Virender Sehwag has had significant questions surrounding their fitness since India reached England for the World T20, reports Anand Vasu.

cricket Updated: Jun 10, 2009 01:32 IST
Anand Vasu

If there was anything more distressing than the nature of the explosion in Trent Bridge, it was the inevitability of it all. Virender Sehwag (and to a lesser extent Zaheer Khan) have had significant questions surrounding their fitness since India reached England for the World T20. Zaheer recovered quickly, played, and that was sorted.

But what of Sehwag? The media wanted answers, Mahendra Singh Dhoni pointed to the Board of Control for Cricket in India, and none was forthcoming. Dhoni has been different from his predecessors in that he believes it is essentially unnecessary to have even a working relationship with the media. In a country where ignominious tournament exits result in players’ housesbeing tarred and their cars stoned, this was a high-risk strategy at the best of times. Perhaps that’s why the team came out in an elaborate show of unity to “Indian fans” just days ago.

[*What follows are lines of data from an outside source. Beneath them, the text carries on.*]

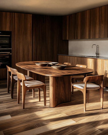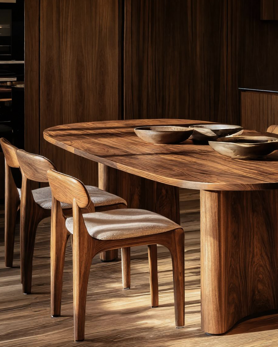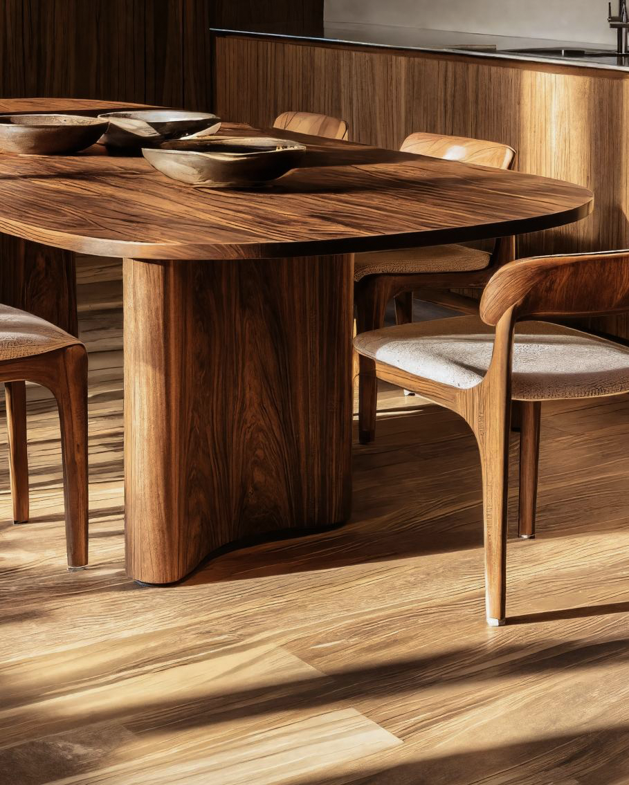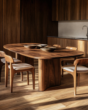Crafted to complement refined contemporary spaces, the Modern Dining Table For Contemporary Home Interiors showcases a sleek, solid-wood silhouette with smooth lines and an elegant oval tabletop. Supported by a sculptural pedestal base, it brings balance, warmth, and modern sophistication to any dining area. The rich wood grain adds natural depth, making this table a statement piece designed for both daily meals and special gatherings.
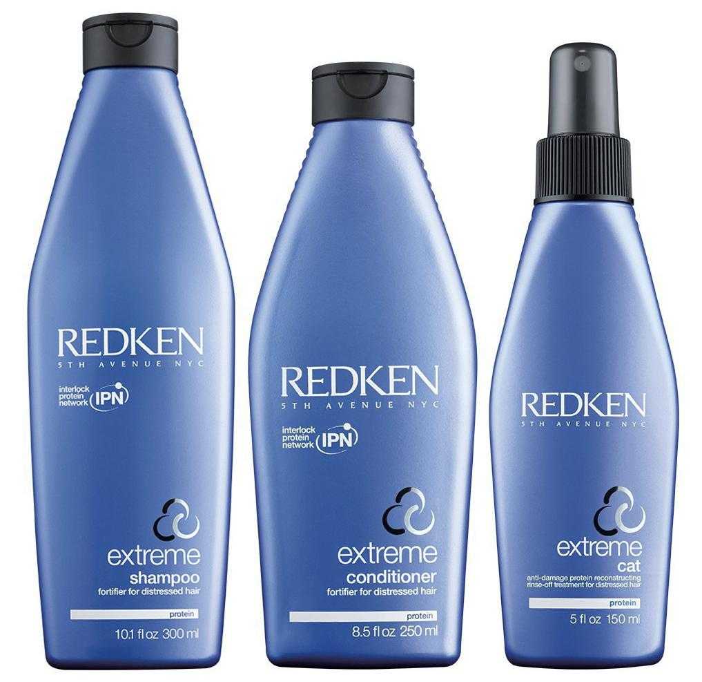 - Extreme — интенсивное восстановление структуры волос после окрашивания, регулярной сушки феном и выпрямления утюжком. Отзывы о Redken Extreme подтверждают, что после процедур с финиш-лосьоном и маской из этой серии волосы преображаются до неузнаваемости.
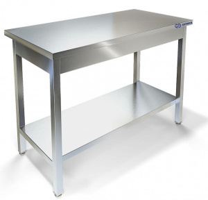 Стол на каркасе из уголка AISI430, столешница из AISI430 без борта. Внизу сплошная полка-накладка из AISI430.
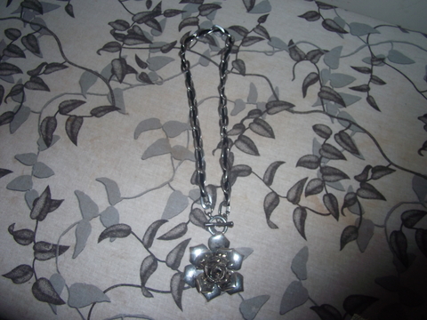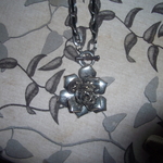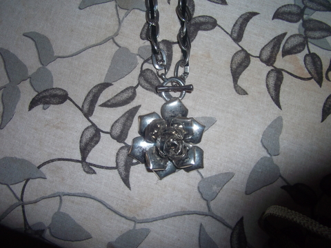 Bought from specialist craft stall in uk. mostly silver colour, black ribbon through chain. never worn.Rose not really heavy.
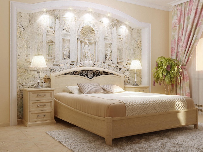 Глубокая ниша не только подчеркивает изголовье, она может выполнять множество разнообразных практических функций. В ней устраивают дополнительное место для размещения разных предметов. Зачастую две такие ниши выполняют роль прикроватных тумб. Наиболее предприимчивые хозяева внутри такой ниши монтируют стеллаж из полок.
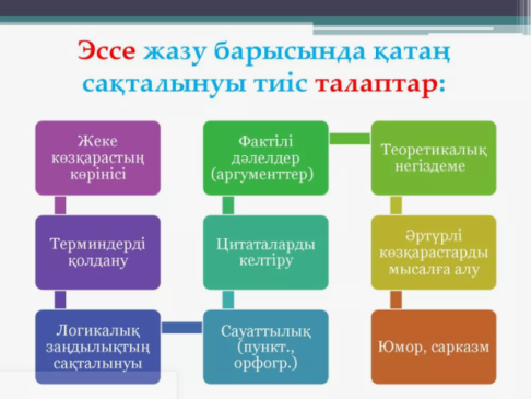 Оқушыларға мәтіннен алған ақпаратты қорыту үшін «эссе» әдісі туралы түсіндіру, эссе жазу барысында оқушылар мәтіндегі негізгі ойды, идеяны анықтау қажеттігін ұғындыру.

The new dispensation of the board also believes that the media are a hindrance, rather than an interested and involved stakeholder. Their official communications are sporadic and bare, leaving the media with no choice but to tap into sources, either within the board itself or among players and both can be unreliable at times.

The board and the players blame the media for irresponsible reporting, the media blames the board for being secretive. To an extent both are to blame. But two wrongs seldom make a right.

The real question to be asked, in all this, is over Sehwag’s role. At a press conference, Gary Kirsten, the coach, made it clear that Sehwag had a Grade-1 tear and that he had sustained his injury during the IPL. That being the case, Sehwag should have made full disclosure about the extent of discomfort or pain he was suffering.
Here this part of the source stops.